Recorded information:
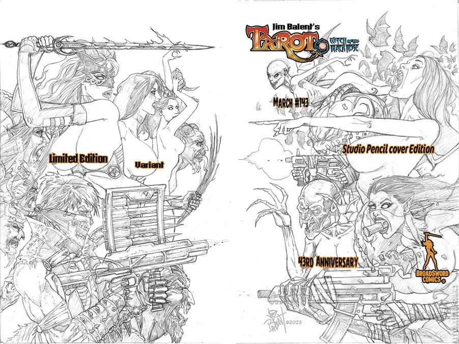 The 24th-Anniversary Issue!!! The last stand against the undead!!! 'Witches versus Vampires!' Tarot returns from her meeting with the Goddess, only to find out that she has been gone for two months! A War has broken out between the Vampires and the Black Rose manor! The Skeleton Man, Raven Hex, and the Krampus, make a life-or-death last stand against the Undead at the mansion! Regular Edition ships equally with 2 connecting covers. Features the tight pencils of both Cover A and B by JIM BALENT!
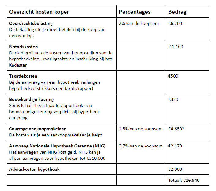 * Bij de courtage van de aankoopmakelaar hebben we de kosten ruim genomen. Naast een percentage van de koopsom kan je ook navragen of een vaste vergoeding mogelijk is. Overigens ben je niet verplicht om een aankoopmakelaar in de hand te nemen.
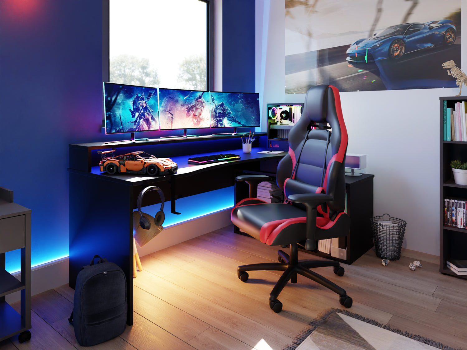 Biurko bez kółek też się znajdzie, ponieważ pokój gamingowy powinien być wszechstronny! Jeśli potrzebujesz ‘kawałka stołu’ do homeoffice, albo solidnego stanowiska dla streamera, proponujemy duże czarne biurko gamingowe z półkami - 200 cm. Spełnia kryteria ‘kawałka stołu’, a ponadto dysponuje półkami, które chętnie Ci pożyczy. Figurki, książki i płyty? Wszystko pod ręką!
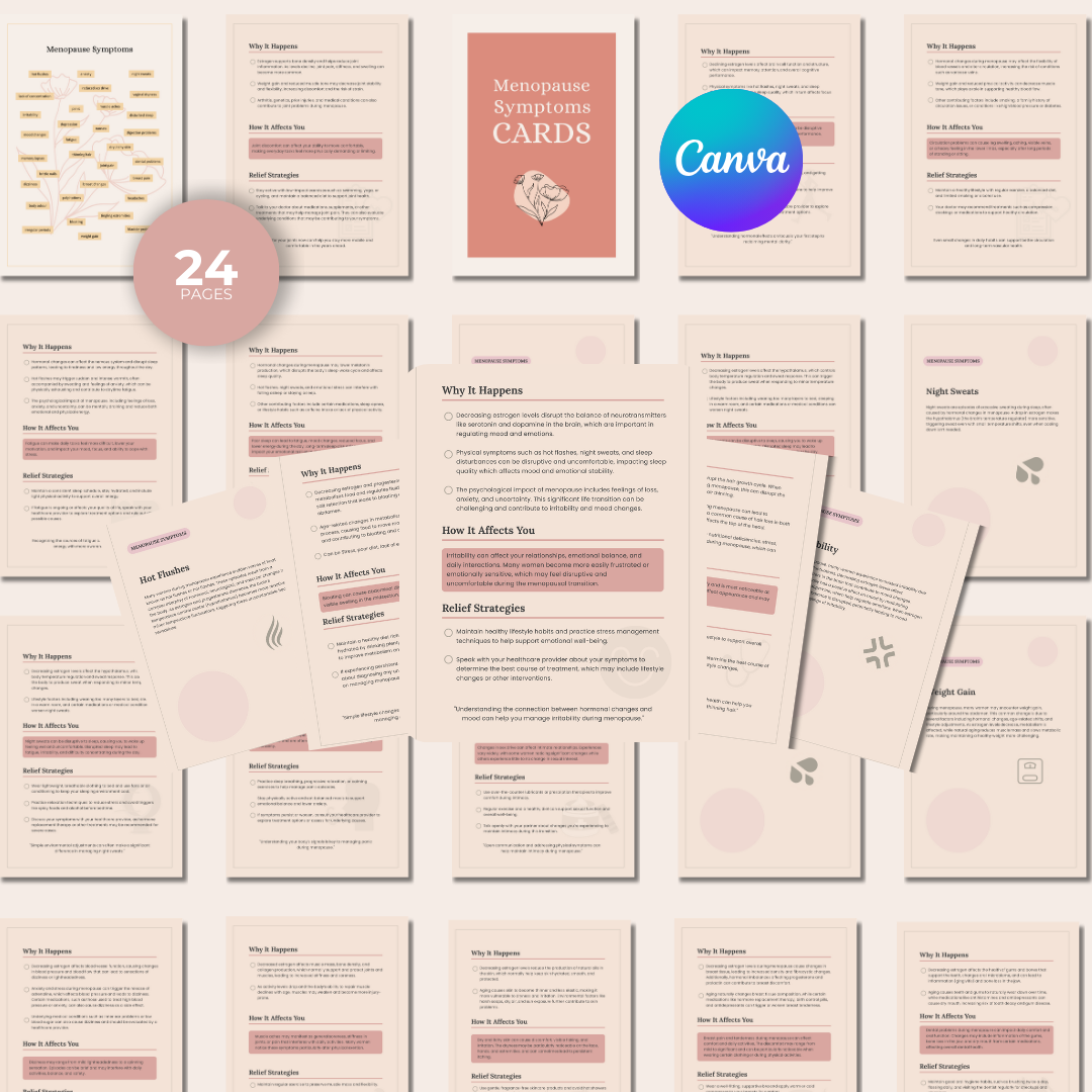 Menopause is not just a phase — it is a complex biological transition that affects nearly every system in a woman’s body. Yet for many women, the experience is confusing, isolating, and misunderstood. These 41 pages of symptom cards were created to bring clarity, understanding, and empowerment to one of the most significant chapters of a woman’s life.

Required work: The result should be every line of the data, reproduced exactly, with the images removed.

Answer to this exercise:
 The 24th-Anniversary Issue!!! The last stand against the undead!!! 'Witches versus Vampires!' Tarot returns from her meeting with the Goddess, only to find out that she has been gone for two months! A War has broken out between the Vampires and the Black Rose manor! The Skeleton Man, Raven Hex, and the Krampus, make a life-or-death last stand against the Undead at the mansion! Regular Edition ships equally with 2 connecting covers. Features the tight pencils of both Cover A and B by JIM BALENT!
 * Bij de courtage van de aankoopmakelaar hebben we de kosten ruim genomen. Naast een percentage van de koopsom kan je ook navragen of een vaste vergoeding mogelijk is. Overigens ben je niet verplicht om een aankoopmakelaar in de hand te nemen.
 Biurko bez kółek też się znajdzie, ponieważ pokój gamingowy powinien być wszechstronny! Jeśli potrzebujesz ‘kawałka stołu’ do homeoffice, albo solidnego stanowiska dla streamera, proponujemy duże czarne biurko gamingowe z półkami - 200 cm. Spełnia kryteria ‘kawałka stołu’, a ponadto dysponuje półkami, które chętnie Ci pożyczy. Figurki, książki i płyty? Wszystko pod ręką!
 Menopause is not just a phase — it is a complex biological transition that affects nearly every system in a woman’s body. Yet for many women, the experience is confusing, isolating, and misunderstood. These 41 pages of symptom cards were created to bring clarity, understanding, and empowerment to one of the most significant chapters of a woman’s life.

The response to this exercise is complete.